Я понял, что она меня узнала, даже улыбнулась сквозь слезы. Я тут же самовоспламенился и перестал существовать.

Нет, не совсем так. Я только подумал, что так произойдет. А на деле она сказала:

– А, это ты.

– Да, – ответил я, подтверждая ее правоту.

– Худи.

– Ага. Анна-Мари.

– Мило, – сказала она и принялась оправлять и так нормально сидевшую одежду – потянула себя за рукав.

Она как бы избегала смотреть мне в глаза, и мне от этого почему-то стало легче. Когда мы разговаривали накануне, я, хотя и был одет как положено, чувствовал себя обнаженным. Мне было далеко до Анны-Мари по части выдержки и уверенности в себе – и это делало меня уязвимым. А сейчас уязвимой оказалась она. Я совсем не специально застал ее в такой трогательный момент, однако меня это радовало, потому что я стал гораздо меньше ее бояться. Она не какое-то там небесное видение. Она живой человек, такой же, как и я.

– А где Борнео? – спросил я.

– Вон тут похоронен, – ответила она.

– Ой, я…

– Господи, я не всерьез, конечно. Сама не пойму, как у меня такое вылетело. Ужас какой. Господи Иисусе. Прости. А ты тут… с кем-то встречаешься?

– Нет. Просто это самая короткая дорога в школу. Наша семья вообще-то не отсюда. Ну, понимаешь, – закончил я, как бы оправдывая тем самым свой статус чужака: белую рубашку, ермолку[32], таблички на газонах. Хотя, может, Анна-Мари и не знает про таблички на газонах. Может, если они к тебе не относятся, ты их просто не замечаешь.

– А, да, – сказала она. – А моя родня – ну, по большей части, – живет здесь давным-давно. Прадеды тоже здесь похоронены.

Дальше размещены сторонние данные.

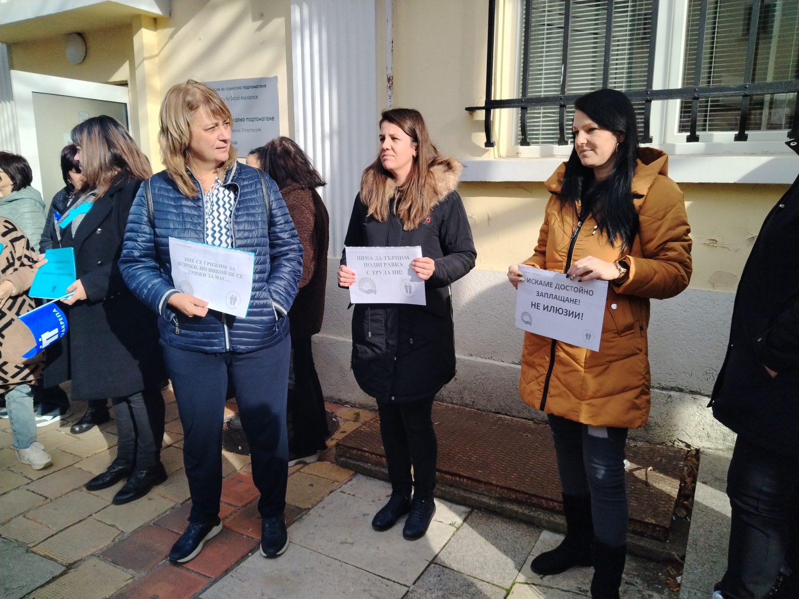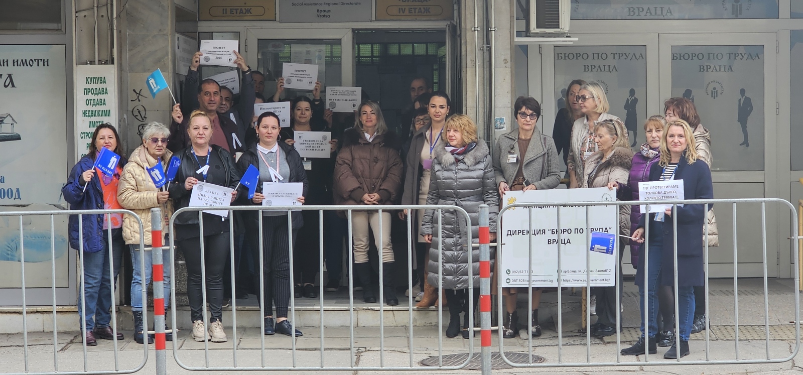 На протест срещу ниските заплати и отношението към административните служители излязоха работещите в Агенцията по заетостта, Инспекцията по труда и социалните службивъв Враца и Монтана. Заедно със служителите си в Монтана беше и директорът на трудовата инспекция Димитър Петров.

После шутки, что это могила Борнео, я инстинктивно взглянул на памятник, рядом с которым она стояла. Вот только сфокусировать взгляд сразу мне не удалось – мне вообще это редко удается часов до десяти утра. Но тут все-таки в конце концов получилось.

Фамилия – О’Лири. Имя Кевин. Я посмотрел на даты, справился с вычислениями. Умер он в этом году в сорок с чем-то – как раз подходящий возраст, чтобы быть отцом Анны-Мари.

– Так это… он…

– Мой папа? Да. – Анна-Мари перестала плакать, но все еще вытирала глаза.

– Блин, – не сдержался я.

– Да, – согласилась она. – Жесть полная.

Вот только мы говорили о разных вещах. Если бы мое невул-пе относилось к смерти ее отца. Так ведь не относилось. Дело в том, что фамилия ее отца была О’Лири, получается, что она – (Диаз)-О’Лири, то есть и мама ее Диаз-О’Лири, то есть мэр города, та самая, которая запретила строительство многоквартирного дома и пытается выдавить нас из Трегарона.

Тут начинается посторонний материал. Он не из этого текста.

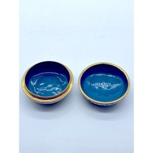 Perfect condition, this Jingfa cloisonne trinket box was made in China. Hand painted flowers, beautiful blue color inside, and gold painted rims. Stand about 1 3/4" H x 3 1/4" accross.

Я не знал, что сказать, поэтому сказал то, что полагается сказать любому хорошему еврейскому мальчику: «Зихроно ливраха»[33]. А когда Анна-Мари ответила мне удивленным взглядом, я перевел: «Благословенна будет память о нем».

– Да, – подтвердила она. – Благословенна. – Она сдвинулась с места. Я собирался подождать, пока она уйдет, но она позвала: – Пошли, да?

И я ее догнал.

– Тебе здесь нравится? – спросила она.

– Ну да, в смысле красивое кладбище.

– Да нет. Я про город. В Трегароне.

Если честно, я вообще об этом не думал. Никто меня не спрашивал, хочу я сюда переезжать или нет. Вместе со мной приехало много друзей и одноклассников, так что я почти что не замечал разницы.

– Ну вроде ничего, – сказал я. – Только местным не нравится, что…

Тут Анна-Мари оборвала меня, вскрикнув, точнее резко втянув ртом воздух.

Я тогда тоже посмотрел нам под ноги. Рядом с ее кроссовкой в голубую полоску находился Коэн, которого я приметил накануне. Оказалось, что он Оскар Коэн. Умер в конце 1940-х годов.

Только теперь стало видно, что на надгробии нарисована свастика. Черной краской из баллончика. Середина нацистского символа находилась выше имени, а нижняя полоса тянулась к датам. На соседней могиле Элси Кантор тоже была свастика, примерно того же размера, тоже черная. Надгробие Кантор было побольше, там нашлось место еще и для надписи: «Валите отсюда, жиды».

Я попытался это осмыслить. Послание на могиле Кантор было обращено непосредственно ко мне: мне предлагали отсюда убираться, меня здесь не ждут, место, которое должно было стать моим новым домом, меня отвергает.

О существовании антисемитизма я знал всю свою жизнь, но напрямую с ним никогда не сталкивался. И вот я смотрю ему прямо в лицо. Или должен смотреть.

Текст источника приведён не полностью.